# WHAT IS BEING ASKED
Leaving out every picture, copy the lines of the material below exactly, from the line containing "Ο Γκερντ Μίλερ" through the line containing "拓ボク産業研究所(ボクは土へ".

# DATA EXCERPTS

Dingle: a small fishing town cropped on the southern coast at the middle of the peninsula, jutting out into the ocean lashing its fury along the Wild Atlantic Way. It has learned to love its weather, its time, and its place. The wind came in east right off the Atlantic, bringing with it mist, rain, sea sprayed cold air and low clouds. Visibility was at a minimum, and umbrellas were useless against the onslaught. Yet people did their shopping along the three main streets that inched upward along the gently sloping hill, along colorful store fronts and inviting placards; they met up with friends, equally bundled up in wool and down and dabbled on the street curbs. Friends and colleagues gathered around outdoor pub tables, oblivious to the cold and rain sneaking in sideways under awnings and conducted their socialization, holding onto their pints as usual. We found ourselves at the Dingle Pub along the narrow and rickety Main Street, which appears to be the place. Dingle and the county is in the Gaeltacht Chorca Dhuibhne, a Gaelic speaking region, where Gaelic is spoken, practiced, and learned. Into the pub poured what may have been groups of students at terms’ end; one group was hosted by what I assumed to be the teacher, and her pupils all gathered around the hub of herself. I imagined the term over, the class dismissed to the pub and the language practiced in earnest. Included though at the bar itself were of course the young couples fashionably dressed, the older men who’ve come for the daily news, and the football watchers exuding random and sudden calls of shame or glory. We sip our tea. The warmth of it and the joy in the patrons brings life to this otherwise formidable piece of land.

---

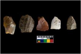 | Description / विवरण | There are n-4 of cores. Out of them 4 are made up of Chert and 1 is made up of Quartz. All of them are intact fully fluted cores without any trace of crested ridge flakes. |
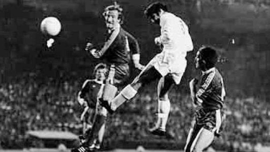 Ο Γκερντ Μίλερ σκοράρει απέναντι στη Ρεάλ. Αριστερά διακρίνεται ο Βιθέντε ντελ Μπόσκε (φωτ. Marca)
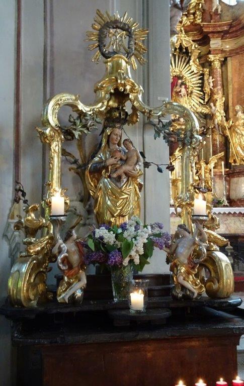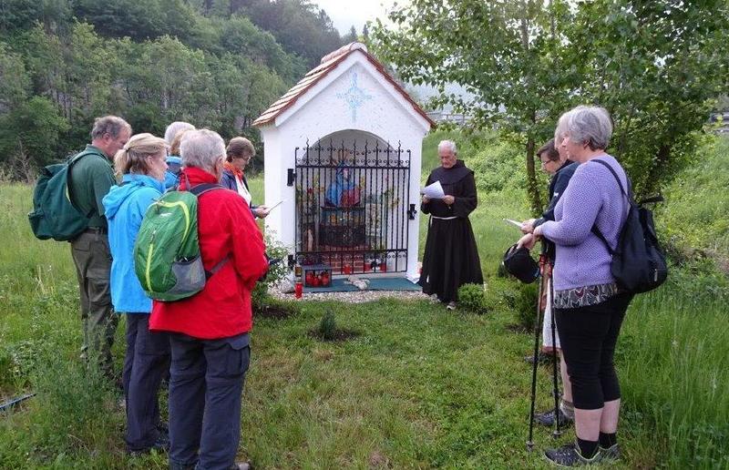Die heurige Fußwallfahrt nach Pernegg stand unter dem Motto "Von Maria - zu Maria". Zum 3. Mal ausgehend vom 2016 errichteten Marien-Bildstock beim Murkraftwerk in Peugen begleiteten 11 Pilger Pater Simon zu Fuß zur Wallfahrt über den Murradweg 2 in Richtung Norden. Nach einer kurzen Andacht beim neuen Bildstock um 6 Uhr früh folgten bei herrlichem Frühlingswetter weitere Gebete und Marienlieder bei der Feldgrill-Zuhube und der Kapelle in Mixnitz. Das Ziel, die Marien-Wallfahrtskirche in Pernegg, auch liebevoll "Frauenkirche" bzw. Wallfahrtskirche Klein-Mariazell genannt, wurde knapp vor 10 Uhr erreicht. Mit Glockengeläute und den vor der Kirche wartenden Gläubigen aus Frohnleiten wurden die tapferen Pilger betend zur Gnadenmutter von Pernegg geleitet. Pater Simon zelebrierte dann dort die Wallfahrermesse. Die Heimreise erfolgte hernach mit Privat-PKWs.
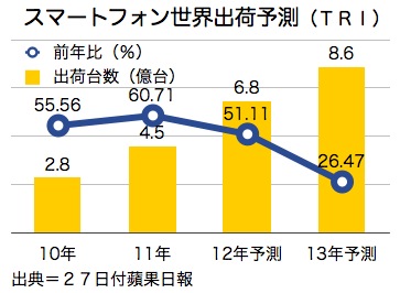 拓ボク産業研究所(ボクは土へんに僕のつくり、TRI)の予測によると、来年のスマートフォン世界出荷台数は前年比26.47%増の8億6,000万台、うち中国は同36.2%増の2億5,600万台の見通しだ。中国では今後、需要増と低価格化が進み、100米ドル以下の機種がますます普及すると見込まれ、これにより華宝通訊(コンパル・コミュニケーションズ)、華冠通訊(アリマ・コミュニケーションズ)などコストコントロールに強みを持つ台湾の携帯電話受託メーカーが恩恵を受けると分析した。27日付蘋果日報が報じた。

# ANSWER
 Ο Γκερντ Μίλερ σκοράρει απέναντι στη Ρεάλ. Αριστερά διακρίνεται ο Βιθέντε ντελ Μπόσκε (φωτ. Marca)
Die heurige Fußwallfahrt nach Pernegg stand unter dem Motto "Von Maria - zu Maria". Zum 3. Mal ausgehend vom 2016 errichteten Marien-Bildstock beim Murkraftwerk in Peugen begleiteten 11 Pilger Pater Simon zu Fuß zur Wallfahrt über den Murradweg 2 in Richtung Norden. Nach einer kurzen Andacht beim neuen Bildstock um 6 Uhr früh folgten bei herrlichem Frühlingswetter weitere Gebete und Marienlieder bei der Feldgrill-Zuhube und der Kapelle in Mixnitz. Das Ziel, die Marien-Wallfahrtskirche in Pernegg, auch liebevoll "Frauenkirche" bzw. Wallfahrtskirche Klein-Mariazell genannt, wurde knapp vor 10 Uhr erreicht. Mit Glockengeläute und den vor der Kirche wartenden Gläubigen aus Frohnleiten wurden die tapferen Pilger betend zur Gnadenmutter von Pernegg geleitet. Pater Simon zelebrierte dann dort die Wallfahrermesse. Die Heimreise erfolgte hernach mit Privat-PKWs.
 拓ボク産業研究所(ボクは土へんに僕のつくり、TRI)の予測によると、来年のスマートフォン世界出荷台数は前年比26.47%増の8億6,000万台、うち中国は同36.2%増の2億5,600万台の見通しだ。中国では今後、需要増と低価格化が進み、100米ドル以下の機種がますます普及すると見込まれ、これにより華宝通訊(コンパル・コミュニケーションズ)、華冠通訊(アリマ・コミュニケーションズ)などコストコントロールに強みを持つ台湾の携帯電話受託メーカーが恩恵を受けると分析した。27日付蘋果日報が報じた。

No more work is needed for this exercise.